Am 01.04.20 um 02:40 schrieb Deklan Webster:
I was under the impression that passing a list corresponds to getting the probability that *all* the edges are missing. Indeed, when I try it out I get back a scalar not a np array. I want to collect the probability that each individual edge is missing.
Yes, this is true.
Also, with respect to the heuristics I mention, I just saw this paper "Evaluating Overfit and Underfit in Models of Network Community Structure" use "s_ij = θ_i *θ_ j* l_gi,gj"
This is not substantially faster that what is actually computed in graph-tool, it is just less accurate.
If sampling is not computationally feasible, this is what I had in mind.

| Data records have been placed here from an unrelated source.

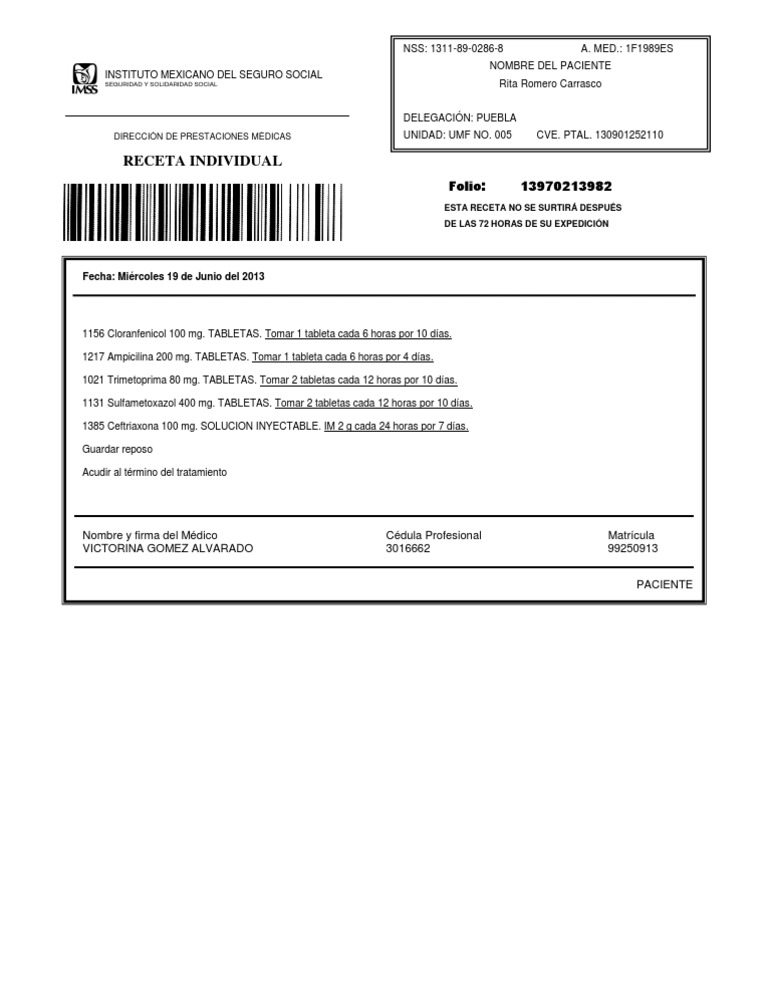 1156 Cloranfenicol 100 mg. TABLETAS. Tomar 1 tableta cada 6 horas por 10 das. 1217 Ampicilina 200 mg. TABLETAS. Tomar 1 tableta cada 6 horas por 4 das. 1021 Trimetoprima 80 mg. TABLETAS. Tomar 2 tabletas cada 12 horas por 10 das. 1131 Sulfametoxazol 400 mg. TABLETAS. Tomar 2 tabletas cada 12 horas por 10 das. 1385 Ceftriaxona 100 mg. SOLUCION INYECTABLE. IM 2 g cada 24 horas por 7 das. Guardar reposo Acudir al trmino del tratamiento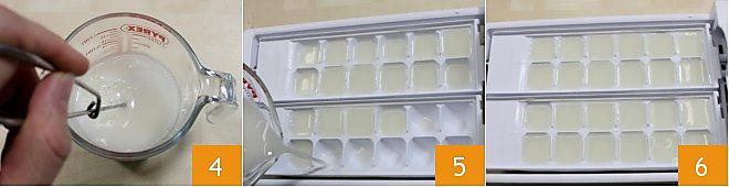 Mélangez les ingrédients jusqu'à obtenir un mélange homogène 4, puis transférez le mélange dans les moules à glaçons appropriés 5 en veillant à remplir chaque moule jusqu'au bord. Ensuite, placez délicatement les moules dans le congélateur et laissez congeler le mélange pendant au moins 3 heures, jusqu'à ce qu'il soit complètement gelé 6.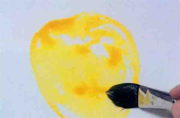 1、红色的苹果皮间隙会透出部分黄色来,所以先涂上底层的黄色水彩颜料。在这一步骤中直接把高亮部分留为空白。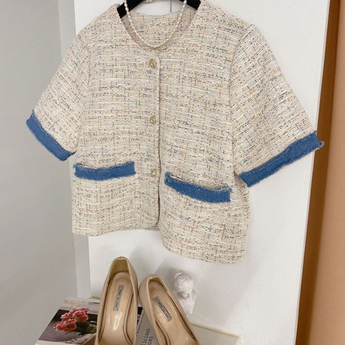 허니제이 / 디즈델 배색 데님 트위드 반팔 자켓(2color)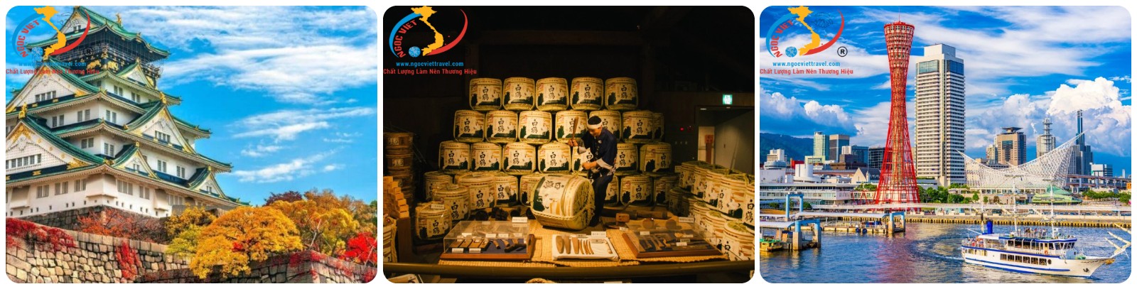 • Thành cổ Osaka (bên ngoài) toà thành cổ nổi tiếng bậc nhất Nhật Bản với những chi tiết mạ vàng và màu ngói xanh ngọc. Đến đây bên cạnh việc thưởng ngoạn quanh lâu đài, du khách còn có thể nghe giới thiệu và ngắm nhìn những trang phục võ sĩ còn lưu lại từ thời Edo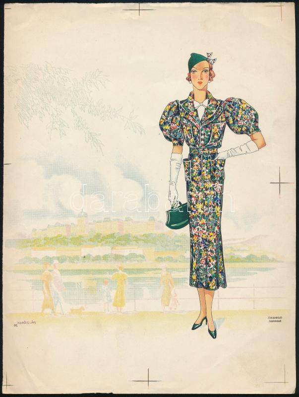 cca 1936 Pál György (1906-1986): Női divatillusztráció, háttérben a Duna és a Budai vár látképével. Próbanyomat (tükrözött). Bp., Globus-ny., 26,5x20 cm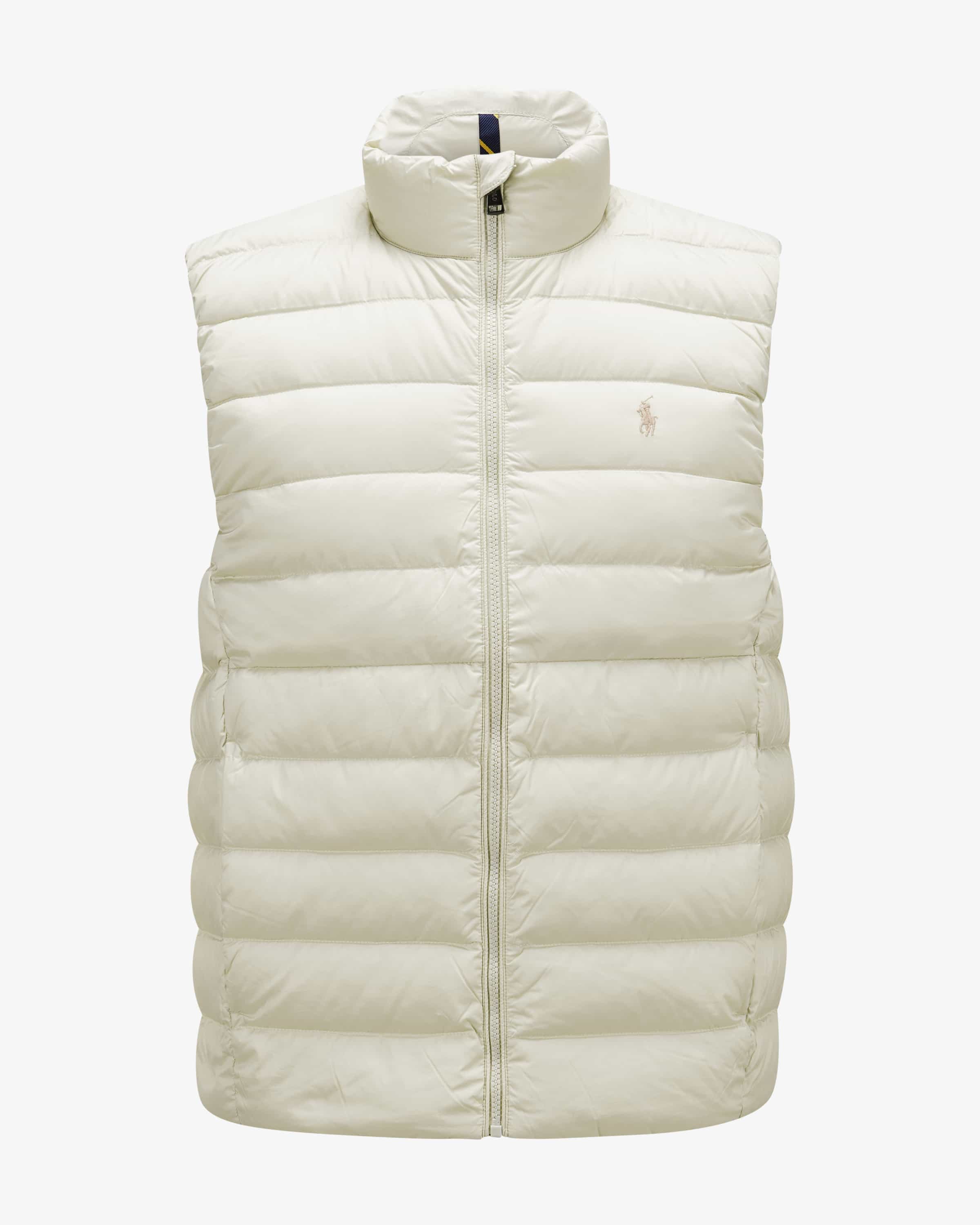 Performance Daunenweste für Herren von Polo Ralph Lauren in Ecru. Eine Ikone des amerikanischen Lifestyles – sportlich, preppy, klassisch. Dieses Modell überzeugt mit wärmender Daunen-Feder-Füllung und wasserabweisender Eigenschaft, während die matt-changierende Stepp-Aufmachung einen maskulinen Begleiter für Layering-Looks schafft. Zugleich können Sie die Jacke dank der verstaubaren Funktion ideal mitnehmen.

1) Is there a way built into graph-tool to compute this similarity function efficiently? (i.e., without Python slowing me down)
You should switch to using MeasuredBlockState.get_edge_prob() which is implemented entirely in C++. The whole approach described in https://graph-tool.skewed.de/static/doc/demos/inference/inference.html#measu... should be preferred over the older binary classification scheme, as it completely subsumes it.
2) Is there a hierarchical analog, like just summing this similarity at each level?
Yes, any of the above approaches work in the exact say way with the hierarchical model. Best, Tiago -- Tiago de Paula Peixoto <tiago@skewed.de>